Below are entries. Reproduce exactly the lines between the line holding "2022年5月起,为深入贯彻" and the line holding "OUTLET Dámske béžové", inclusive, and only those.

**Information shown**
++++++
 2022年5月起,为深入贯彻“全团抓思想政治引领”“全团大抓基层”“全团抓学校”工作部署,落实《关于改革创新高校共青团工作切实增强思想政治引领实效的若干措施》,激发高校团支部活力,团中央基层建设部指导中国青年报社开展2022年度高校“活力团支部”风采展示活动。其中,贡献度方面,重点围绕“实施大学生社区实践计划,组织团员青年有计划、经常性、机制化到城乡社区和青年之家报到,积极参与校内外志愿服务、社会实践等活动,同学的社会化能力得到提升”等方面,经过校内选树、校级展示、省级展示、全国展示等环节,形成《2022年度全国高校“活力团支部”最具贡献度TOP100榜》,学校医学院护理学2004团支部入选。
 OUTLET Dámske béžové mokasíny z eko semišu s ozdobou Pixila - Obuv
++++++
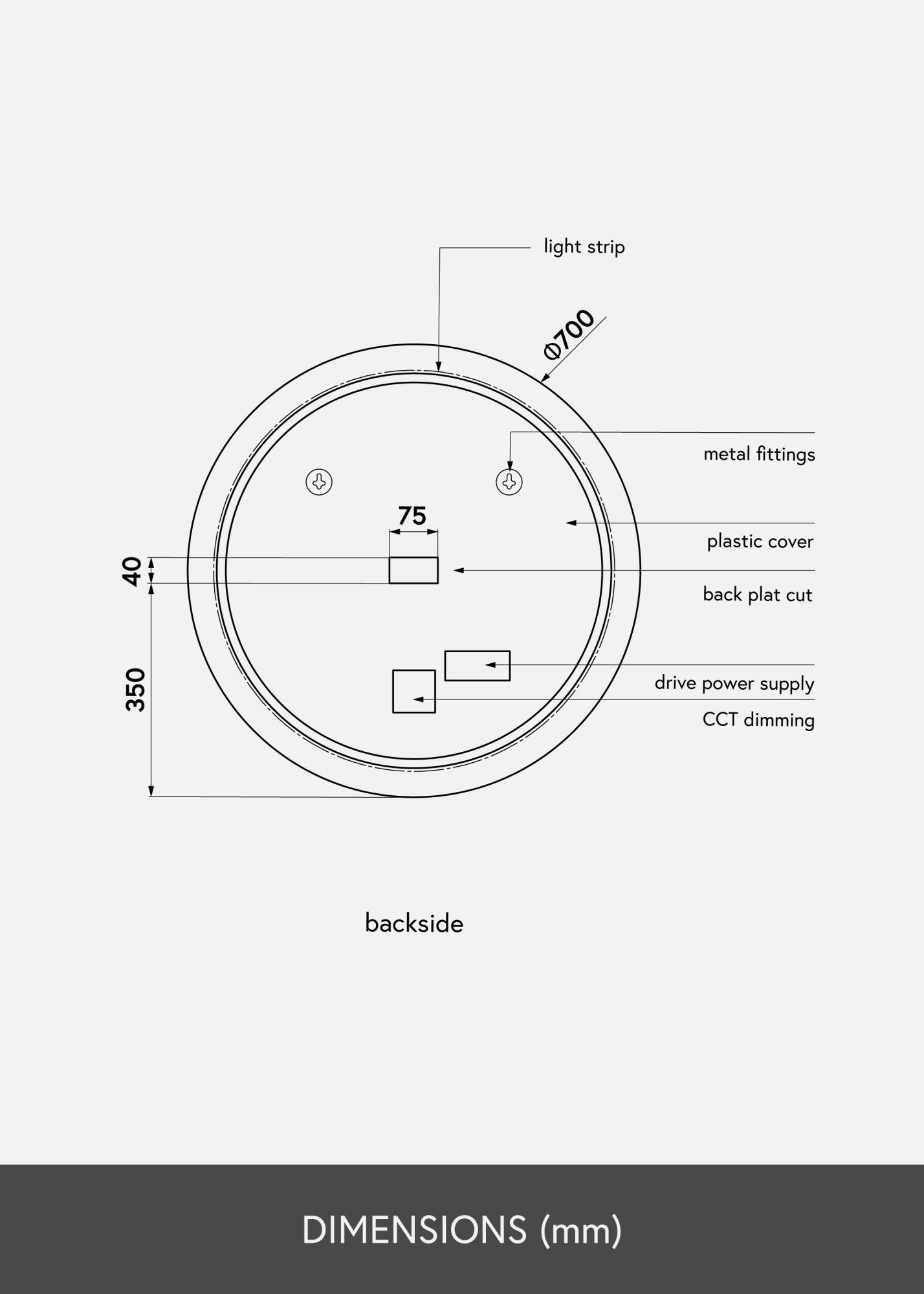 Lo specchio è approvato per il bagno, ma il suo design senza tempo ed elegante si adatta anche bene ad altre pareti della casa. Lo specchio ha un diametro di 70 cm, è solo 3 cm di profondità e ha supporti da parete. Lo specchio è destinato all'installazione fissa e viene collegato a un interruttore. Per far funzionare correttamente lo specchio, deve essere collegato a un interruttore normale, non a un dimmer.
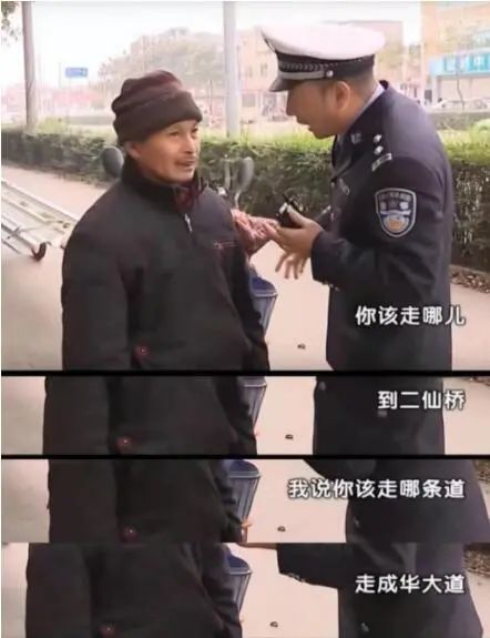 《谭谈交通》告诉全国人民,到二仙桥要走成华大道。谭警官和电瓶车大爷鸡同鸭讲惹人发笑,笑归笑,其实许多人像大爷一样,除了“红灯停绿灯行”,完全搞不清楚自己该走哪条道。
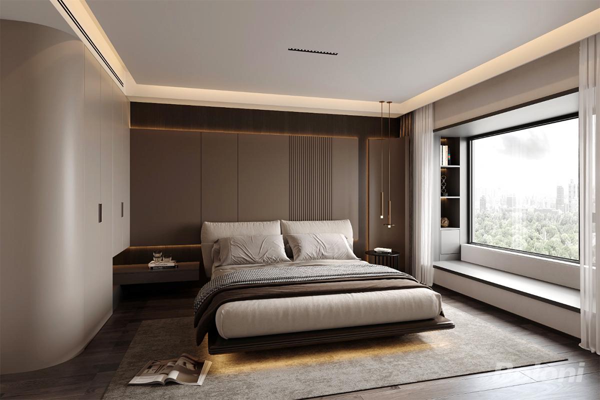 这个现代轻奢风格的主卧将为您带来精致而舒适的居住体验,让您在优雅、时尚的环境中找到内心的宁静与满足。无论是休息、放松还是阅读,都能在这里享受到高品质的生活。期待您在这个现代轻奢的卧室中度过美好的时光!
++++++
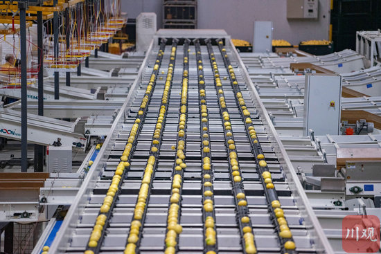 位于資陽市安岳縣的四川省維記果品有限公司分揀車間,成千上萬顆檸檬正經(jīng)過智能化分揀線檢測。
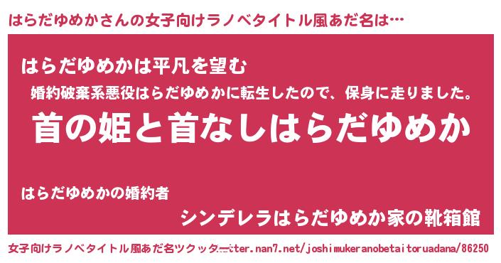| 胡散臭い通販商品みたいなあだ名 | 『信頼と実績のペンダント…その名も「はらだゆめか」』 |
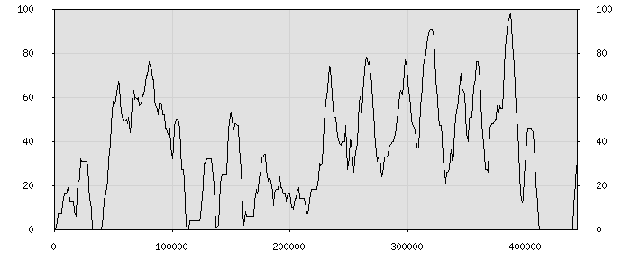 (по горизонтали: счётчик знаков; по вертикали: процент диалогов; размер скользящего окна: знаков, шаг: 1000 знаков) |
++++++
**Answer**
 2022年5月起,为深入贯彻“全团抓思想政治引领”“全团大抓基层”“全团抓学校”工作部署,落实《关于改革创新高校共青团工作切实增强思想政治引领实效的若干措施》,激发高校团支部活力,团中央基层建设部指导中国青年报社开展2022年度高校“活力团支部”风采展示活动。其中,贡献度方面,重点围绕“实施大学生社区实践计划,组织团员青年有计划、经常性、机制化到城乡社区和青年之家报到,积极参与校内外志愿服务、社会实践等活动,同学的社会化能力得到提升”等方面,经过校内选树、校级展示、省级展示、全国展示等环节,形成《2022年度全国高校“活力团支部”最具贡献度TOP100榜》,学校医学院护理学2004团支部入选。
 OUTLET Dámske béžové mokasíny z eko semišu s ozdobou Pixila - Obuv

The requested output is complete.